----- DATA PROVIDED

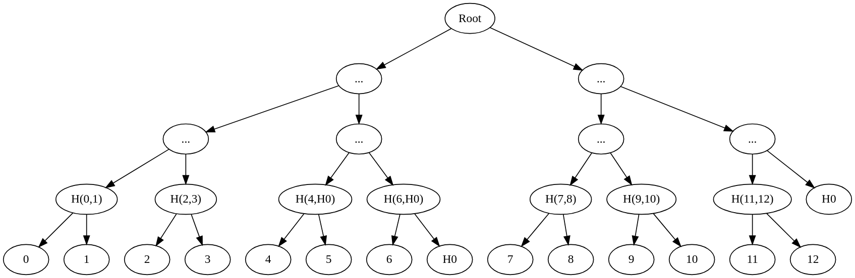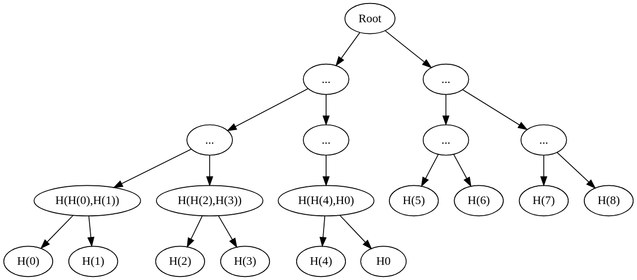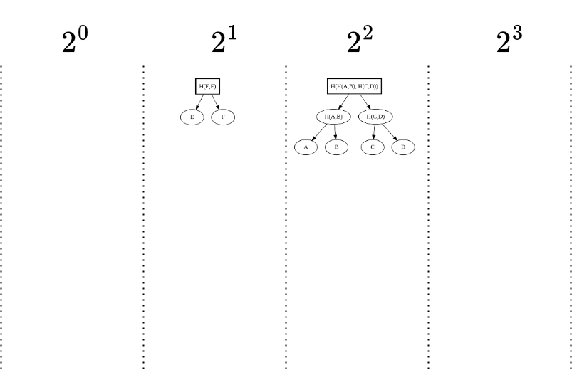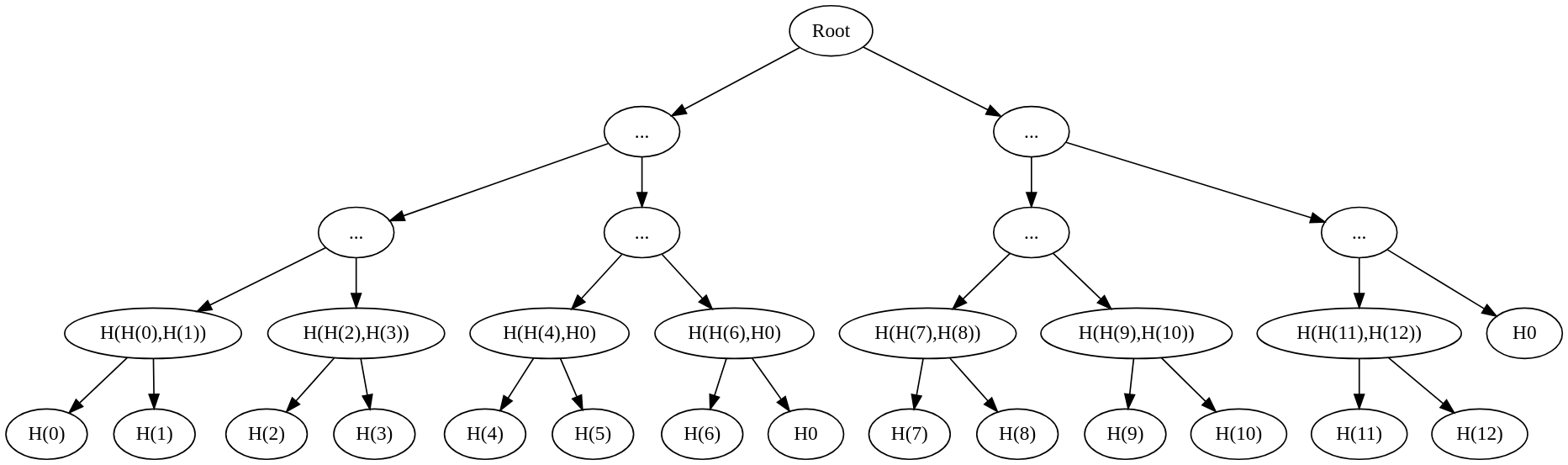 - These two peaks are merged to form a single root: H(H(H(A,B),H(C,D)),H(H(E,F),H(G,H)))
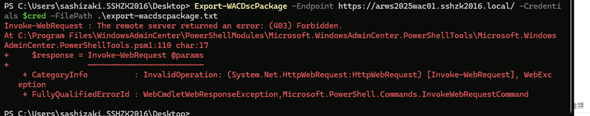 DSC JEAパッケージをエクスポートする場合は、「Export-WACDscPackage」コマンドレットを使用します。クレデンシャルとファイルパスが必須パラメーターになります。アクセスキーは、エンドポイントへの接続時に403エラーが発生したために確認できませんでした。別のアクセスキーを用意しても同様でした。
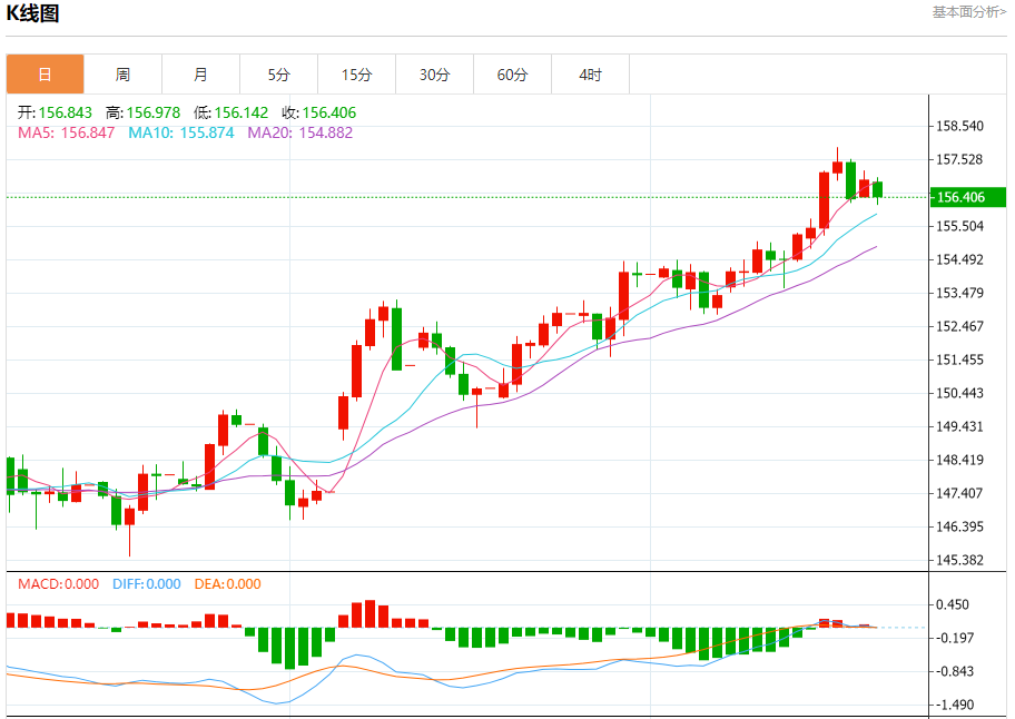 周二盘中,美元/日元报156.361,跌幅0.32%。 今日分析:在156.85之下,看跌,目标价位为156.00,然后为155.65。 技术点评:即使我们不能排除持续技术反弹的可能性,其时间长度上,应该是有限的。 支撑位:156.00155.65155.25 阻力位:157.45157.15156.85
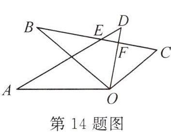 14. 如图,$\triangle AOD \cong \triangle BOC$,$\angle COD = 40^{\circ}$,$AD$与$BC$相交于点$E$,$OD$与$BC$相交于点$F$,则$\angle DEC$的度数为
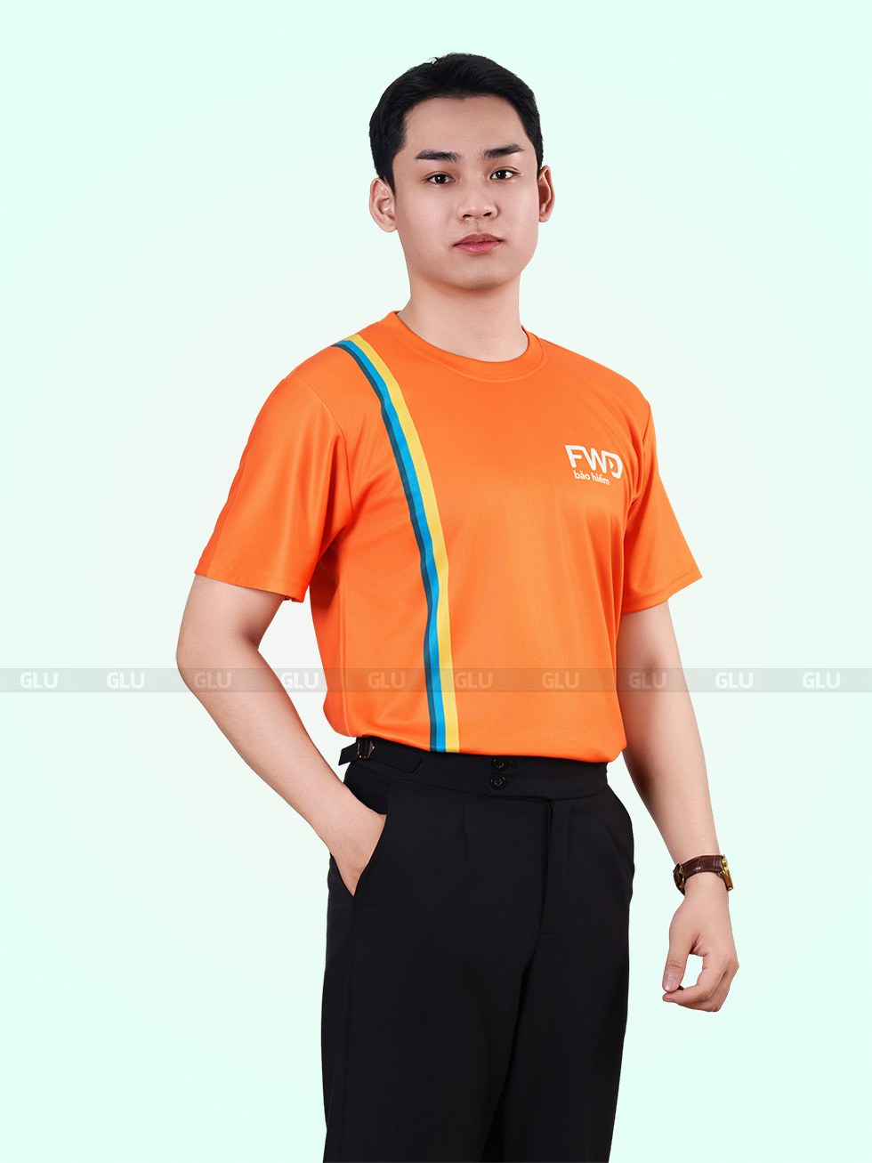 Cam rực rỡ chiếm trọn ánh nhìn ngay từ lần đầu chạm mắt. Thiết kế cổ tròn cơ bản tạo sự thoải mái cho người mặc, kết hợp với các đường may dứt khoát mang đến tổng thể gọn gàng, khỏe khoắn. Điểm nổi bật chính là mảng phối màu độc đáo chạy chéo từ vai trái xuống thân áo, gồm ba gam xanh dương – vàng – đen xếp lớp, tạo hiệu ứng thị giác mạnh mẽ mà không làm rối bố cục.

----------

[WHAT NEEDS TO BE DONE] What you return must match the records letter for letter, except that the pictures stay out.

[WRITTEN REPLY]
 - These two peaks are merged to form a single root: H(H(H(A,B),H(C,D)),H(H(E,F),H(G,H)))
 DSC JEAパッケージをエクスポートする場合は、「Export-WACDscPackage」コマンドレットを使用します。クレデンシャルとファイルパスが必須パラメーターになります。アクセスキーは、エンドポイントへの接続時に403エラーが発生したために確認できませんでした。別のアクセスキーを用意しても同様でした。
 周二盘中,美元/日元报156.361,跌幅0.32%。 今日分析:在156.85之下,看跌,目标价位为156.00,然后为155.65。 技术点评:即使我们不能排除持续技术反弹的可能性,其时间长度上,应该是有限的。 支撑位:156.00155.65155.25 阻力位:157.45157.15156.85
 14. 如图,$\triangle AOD \cong \triangle BOC$,$\angle COD = 40^{\circ}$,$AD$与$BC$相交于点$E$,$OD$与$BC$相交于点$F$,则$\angle DEC$的度数为
 Cam rực rỡ chiếm trọn ánh nhìn ngay từ lần đầu chạm mắt. Thiết kế cổ tròn cơ bản tạo sự thoải mái cho người mặc, kết hợp với các đường may dứt khoát mang đến tổng thể gọn gàng, khỏe khoắn. Điểm nổi bật chính là mảng phối màu độc đáo chạy chéo từ vai trái xuống thân áo, gồm ba gam xanh dương – vàng – đen xếp lớp, tạo hiệu ứng thị giác mạnh mẽ mà không làm rối bố cục.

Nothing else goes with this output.